Any one know of any nice sites which welcome dogs and are close to a beach open this time of year?? 

Tina


----------



## Steptoe (Nov 8, 2005)

Hi Tina,

Searles at Hunstanton are open at this time of year, stayed there myself a couple of times, nice site & good facilities, don't know about dogs though.

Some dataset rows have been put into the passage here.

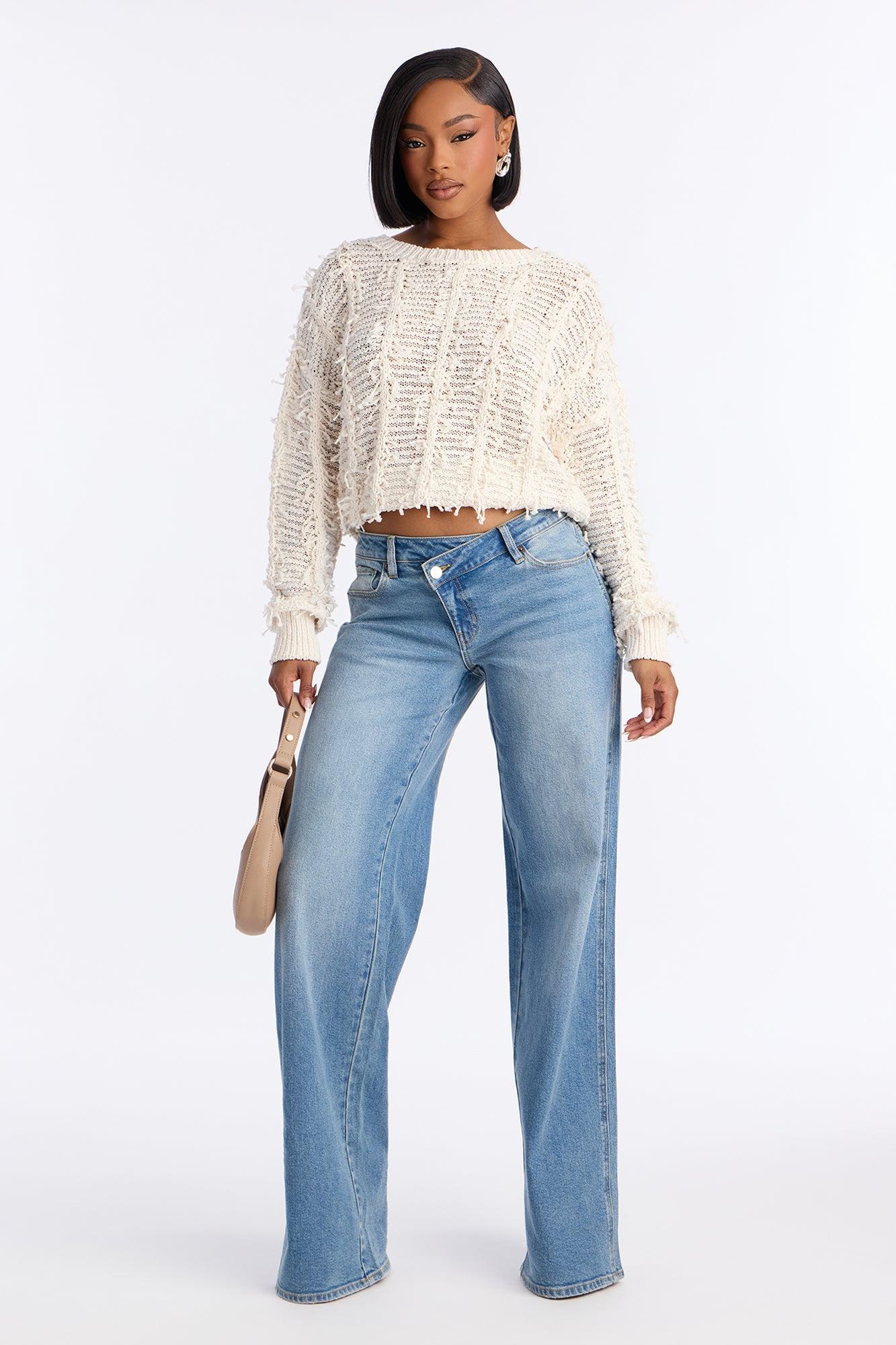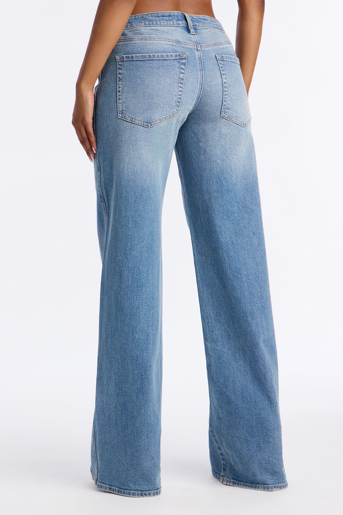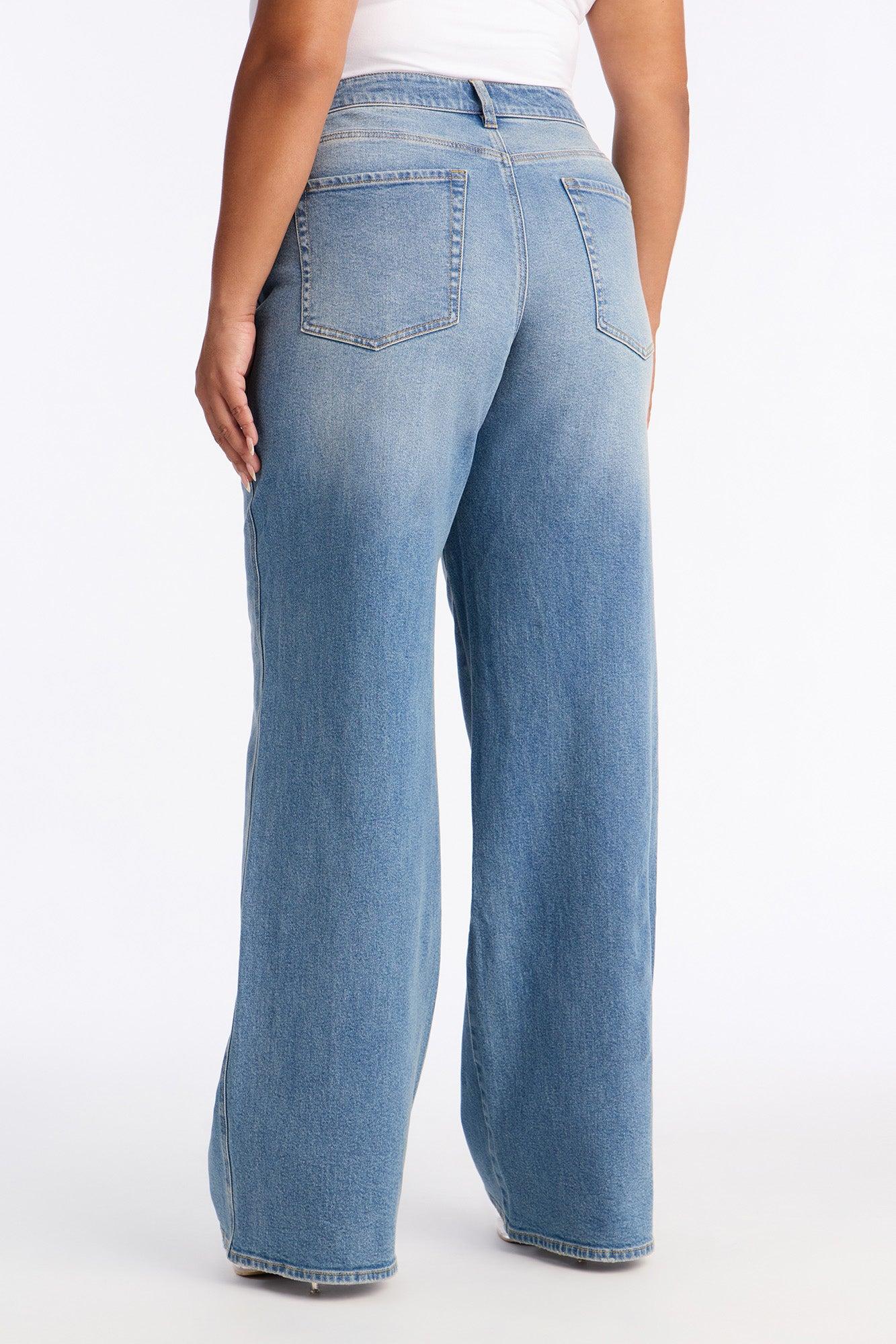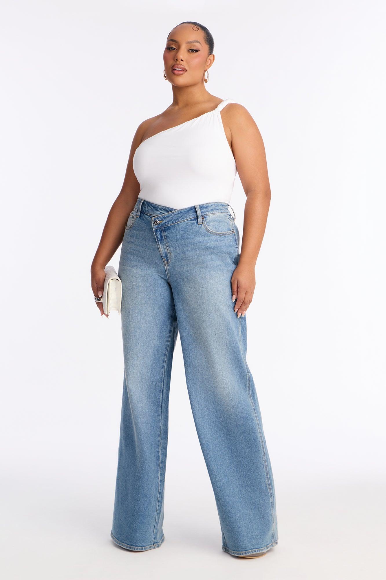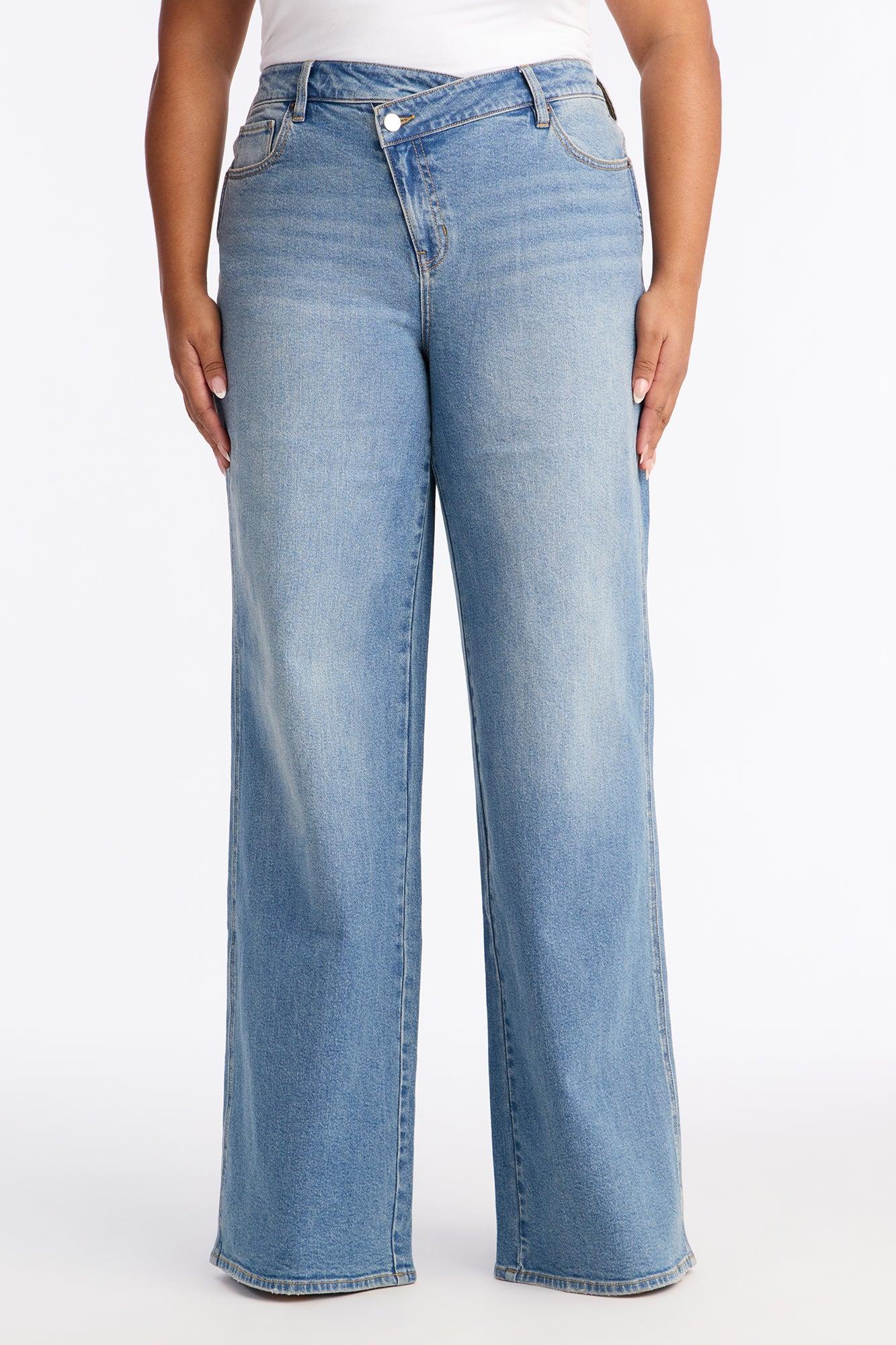 Available In Vintage Wash. Available in Regular 33" Inseam & Tall 36" Inseam. Wide Leg Jean 5 Pocket Crossover Waistband 9.25" Low Rise Medium Stretch Disclaimer: Due To The Specialized Wash, Each Garment Is Unique. 99% Cotton 1% Spandex Imported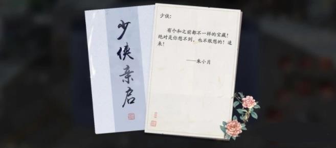 由于此前剧情中,少侠与白玉京在襄州有所接触,而白玉京现身襄州的消息也被消息灵通的朱小月得知,联想到五行藏珍和各种迹象,朱小月猜测:白玉京宝藏即将出世,而地点就在襄州,故邀请少侠前去帮忙找寻。
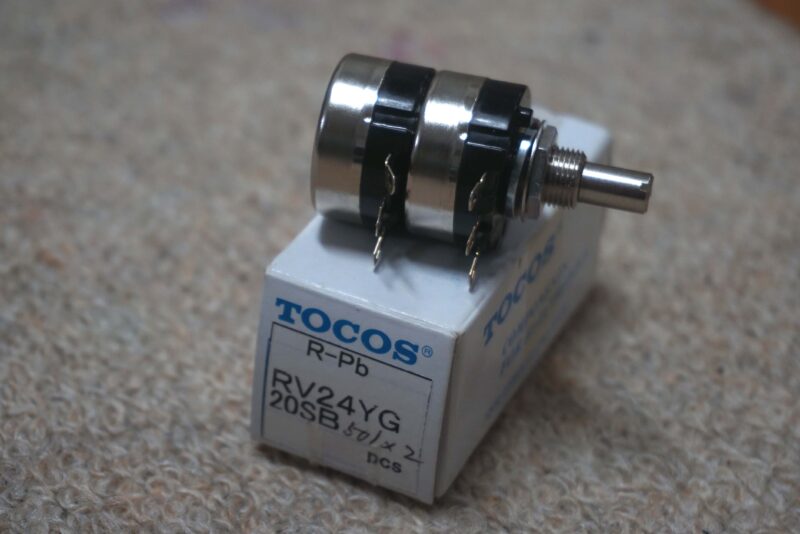一般的には、略して「ボリューム」と言い、日本語にすれば「音量調節器」です。須坂の部品屋で買いました。手作り品で、値段は高かったけど(税抜き@2,800円)、大事に使おうと思って買いました。本体も良いけど、外箱が気に入りました。50/×2 の字が手書きなのが特に気に入りました。同じものを秋葉原の通販店のカタログを見たら、税抜き@3,800円でした。1,000円得した!

http://www.searles.co.uk/index.asp


----------



## Snelly (Aug 20, 2005)

It does seem to have rave reviews

link


----------



## TinaGlenn (Jul 7, 2006)

Thanks for those, will see where we can get booked.

Tina


----------



## freewheeler (Nov 6, 2005)

CL site at Snettisham (the deer farm) is open but nothing to shout about. Rather long grass and a bit hemmed in, but about 3 miles from the beach and 1 mile into the village. 
There is another CL site at a pub in Snettisham village but not tried it - looks like a nice pub though!! 
Always try Sandringham if you are a lover of The Caravan Club style of doing things.....


----------



## 96312 (Sep 16, 2005)

Yup
Searles is ok - we stayed there in October 2005. Dogs are welcome as long as they are on a lead. I thought that the site was expensive though but you get all the facilities.
If memory serves me well, there is a large Tesco store & petrol station near the site. Sea is within walking distance - sandy beaches with breakers - very popular with dog walkers out of the main season.

have fun.

Steve


----------



## 106765 (Aug 30, 2007)

if you want to stay on a site thats margate,blackpool,skegness rolled into one then searles the place,the site at snettisham was awfull filthy toilets and showers and everybody cramped together.go for the ccc sandringham site.


----------